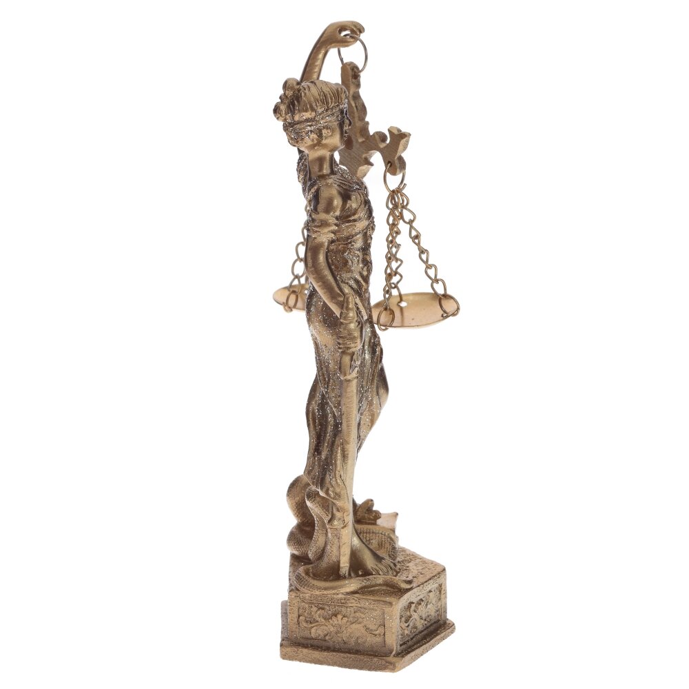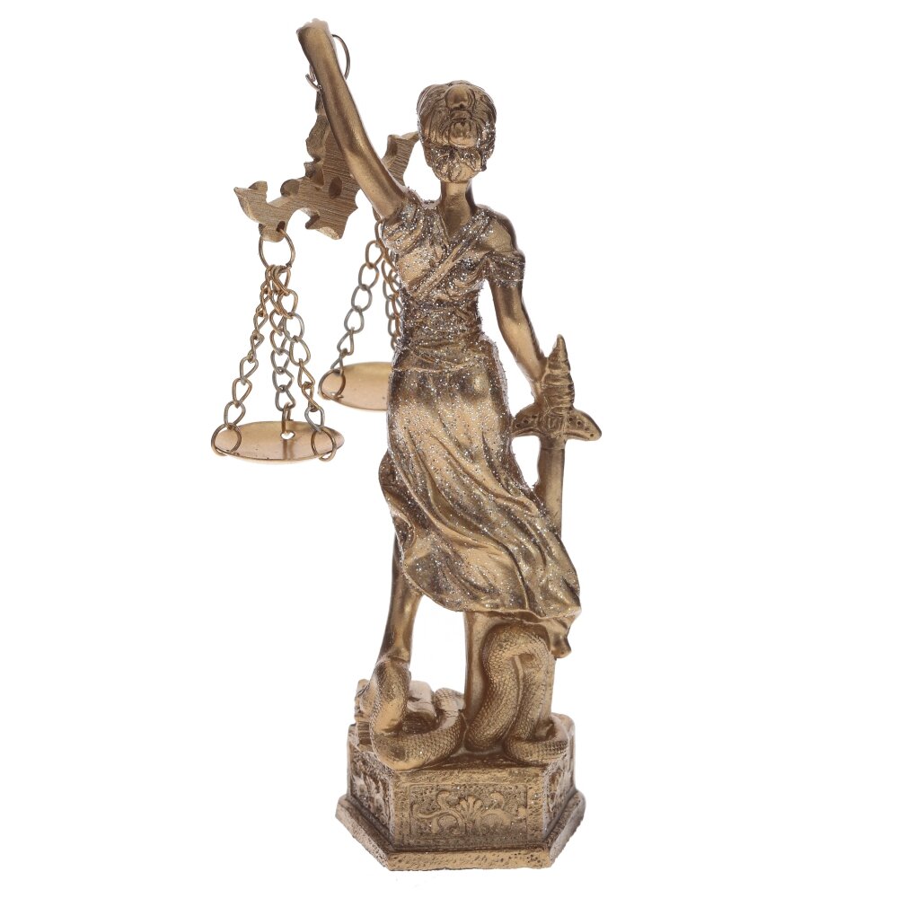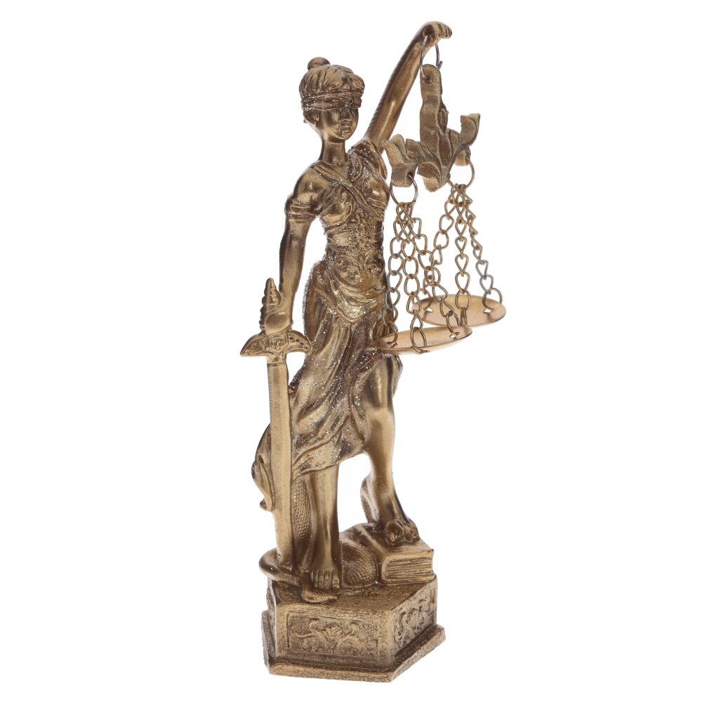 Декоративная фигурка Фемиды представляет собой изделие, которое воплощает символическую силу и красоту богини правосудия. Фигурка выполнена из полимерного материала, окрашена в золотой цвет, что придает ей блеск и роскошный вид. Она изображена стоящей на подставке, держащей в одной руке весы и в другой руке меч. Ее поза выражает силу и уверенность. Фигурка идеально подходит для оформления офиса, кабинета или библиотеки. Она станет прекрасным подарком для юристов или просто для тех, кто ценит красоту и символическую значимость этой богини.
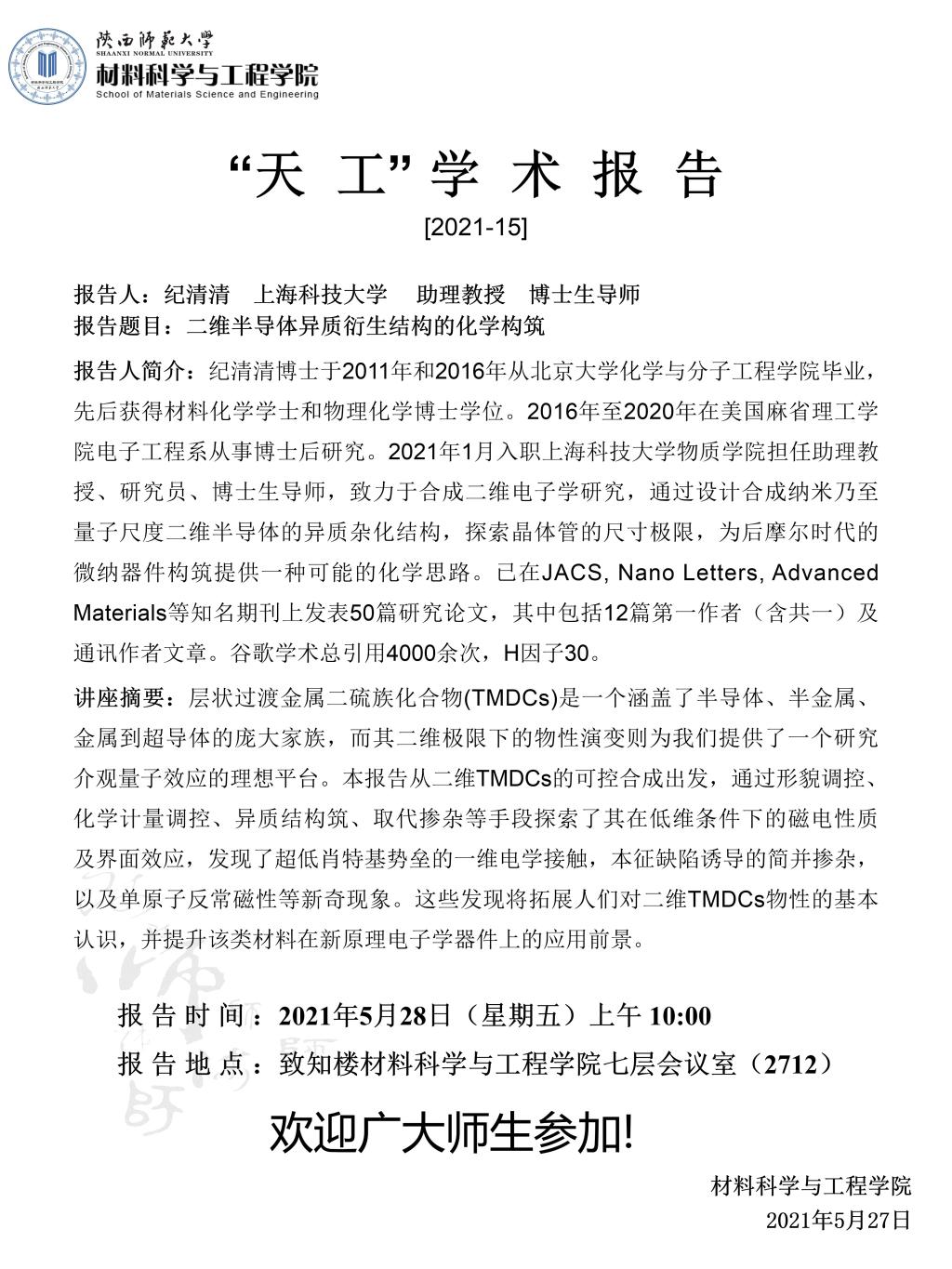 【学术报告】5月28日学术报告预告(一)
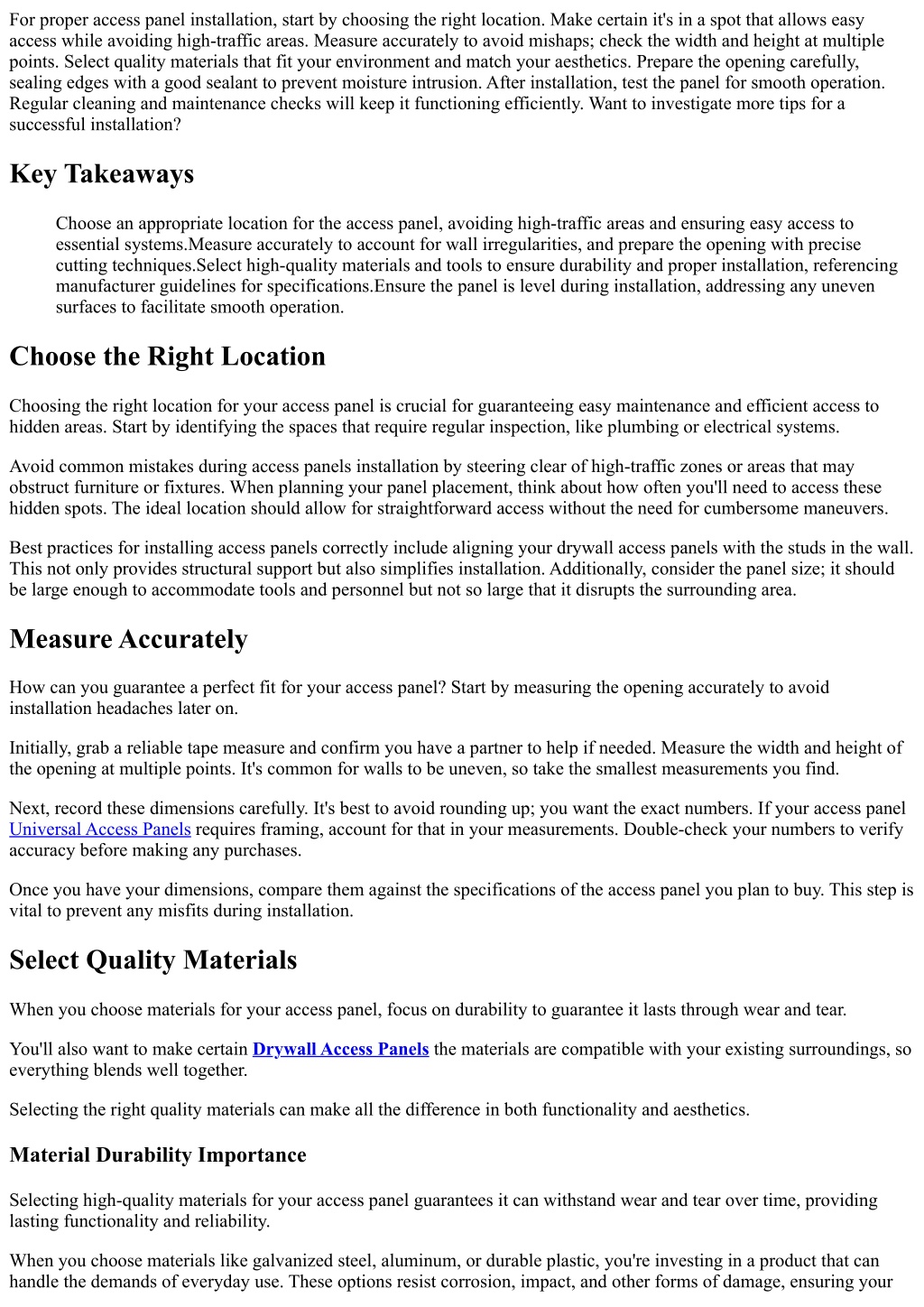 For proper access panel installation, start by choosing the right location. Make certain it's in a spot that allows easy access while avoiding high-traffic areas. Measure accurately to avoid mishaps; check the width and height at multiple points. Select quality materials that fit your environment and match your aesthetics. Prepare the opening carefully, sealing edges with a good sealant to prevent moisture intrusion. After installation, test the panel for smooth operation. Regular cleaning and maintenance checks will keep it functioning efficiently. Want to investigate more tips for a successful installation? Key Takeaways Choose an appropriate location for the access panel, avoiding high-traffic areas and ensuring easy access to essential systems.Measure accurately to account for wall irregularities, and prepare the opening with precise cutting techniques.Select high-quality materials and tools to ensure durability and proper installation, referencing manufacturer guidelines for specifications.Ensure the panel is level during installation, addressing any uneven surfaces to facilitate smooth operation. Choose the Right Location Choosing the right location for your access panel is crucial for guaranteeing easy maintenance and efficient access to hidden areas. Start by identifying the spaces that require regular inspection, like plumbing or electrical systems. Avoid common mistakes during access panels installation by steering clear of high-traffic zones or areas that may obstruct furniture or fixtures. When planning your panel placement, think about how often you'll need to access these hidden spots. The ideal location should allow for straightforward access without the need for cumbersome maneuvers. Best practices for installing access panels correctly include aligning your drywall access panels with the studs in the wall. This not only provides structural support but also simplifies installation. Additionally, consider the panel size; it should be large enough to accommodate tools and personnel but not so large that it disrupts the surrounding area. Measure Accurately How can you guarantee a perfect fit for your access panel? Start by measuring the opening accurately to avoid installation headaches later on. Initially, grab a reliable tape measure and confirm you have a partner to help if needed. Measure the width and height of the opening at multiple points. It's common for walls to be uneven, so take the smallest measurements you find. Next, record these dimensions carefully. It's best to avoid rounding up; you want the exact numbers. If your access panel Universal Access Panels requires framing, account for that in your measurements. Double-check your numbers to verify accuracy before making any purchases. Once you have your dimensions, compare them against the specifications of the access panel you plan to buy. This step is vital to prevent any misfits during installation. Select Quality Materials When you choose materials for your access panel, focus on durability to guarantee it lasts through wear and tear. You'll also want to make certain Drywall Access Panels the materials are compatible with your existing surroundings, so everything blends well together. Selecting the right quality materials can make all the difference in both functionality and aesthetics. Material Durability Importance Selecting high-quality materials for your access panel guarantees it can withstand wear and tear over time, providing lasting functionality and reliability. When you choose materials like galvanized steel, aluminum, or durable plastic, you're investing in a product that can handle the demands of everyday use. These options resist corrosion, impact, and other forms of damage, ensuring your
+ + +
## Instructions to follow:
Full transcription of the material, exact in every line, without images.

## Task output:
 Декоративная фигурка Фемиды представляет собой изделие, которое воплощает символическую силу и красоту богини правосудия. Фигурка выполнена из полимерного материала, окрашена в золотой цвет, что придает ей блеск и роскошный вид. Она изображена стоящей на подставке, держащей в одной руке весы и в другой руке меч. Ее поза выражает силу и уверенность. Фигурка идеально подходит для оформления офиса, кабинета или библиотеки. Она станет прекрасным подарком для юристов или просто для тех, кто ценит красоту и символическую значимость этой богини.
 【学术报告】5月28日学术报告预告(一)
 For proper access panel installation, start by choosing the right location. Make certain it's in a spot that allows easy access while avoiding high-traffic areas. Measure accurately to avoid mishaps; check the width and height at multiple points. Select quality materials that fit your environment and match your aesthetics. Prepare the opening carefully, sealing edges with a good sealant to prevent moisture intrusion. After installation, test the panel for smooth operation. Regular cleaning and maintenance checks will keep it functioning efficiently. Want to investigate more tips for a successful installation? Key Takeaways Choose an appropriate location for the access panel, avoiding high-traffic areas and ensuring easy access to essential systems.Measure accurately to account for wall irregularities, and prepare the opening with precise cutting techniques.Select high-quality materials and tools to ensure durability and proper installation, referencing manufacturer guidelines for specifications.Ensure the panel is level during installation, addressing any uneven surfaces to facilitate smooth operation. Choose the Right Location Choosing the right location for your access panel is crucial for guaranteeing easy maintenance and efficient access to hidden areas. Start by identifying the spaces that require regular inspection, like plumbing or electrical systems. Avoid common mistakes during access panels installation by steering clear of high-traffic zones or areas that may obstruct furniture or fixtures. When planning your panel placement, think about how often you'll need to access these hidden spots. The ideal location should allow for straightforward access without the need for cumbersome maneuvers. Best practices for installing access panels correctly include aligning your drywall access panels with the studs in the wall. This not only provides structural support but also simplifies installation. Additionally, consider the panel size; it should be large enough to accommodate tools and personnel but not so large that it disrupts the surrounding area. Measure Accurately How can you guarantee a perfect fit for your access panel? Start by measuring the opening accurately to avoid installation headaches later on. Initially, grab a reliable tape measure and confirm you have a partner to help if needed. Measure the width and height of the opening at multiple points. It's common for walls to be uneven, so take the smallest measurements you find. Next, record these dimensions carefully. It's best to avoid rounding up; you want the exact numbers. If your access panel Universal Access Panels requires framing, account for that in your measurements. Double-check your numbers to verify accuracy before making any purchases. Once you have your dimensions, compare them against the specifications of the access panel you plan to buy. This step is vital to prevent any misfits during installation. Select Quality Materials When you choose materials for your access panel, focus on durability to guarantee it lasts through wear and tear. You'll also want to make certain Drywall Access Panels the materials are compatible with your existing surroundings, so everything blends well together. Selecting the right quality materials can make all the difference in both functionality and aesthetics. Material Durability Importance Selecting high-quality materials for your access panel guarantees it can withstand wear and tear over time, providing lasting functionality and reliability. When you choose materials like galvanized steel, aluminum, or durable plastic, you're investing in a product that can handle the demands of everyday use. These options resist corrosion, impact, and other forms of damage, ensuring your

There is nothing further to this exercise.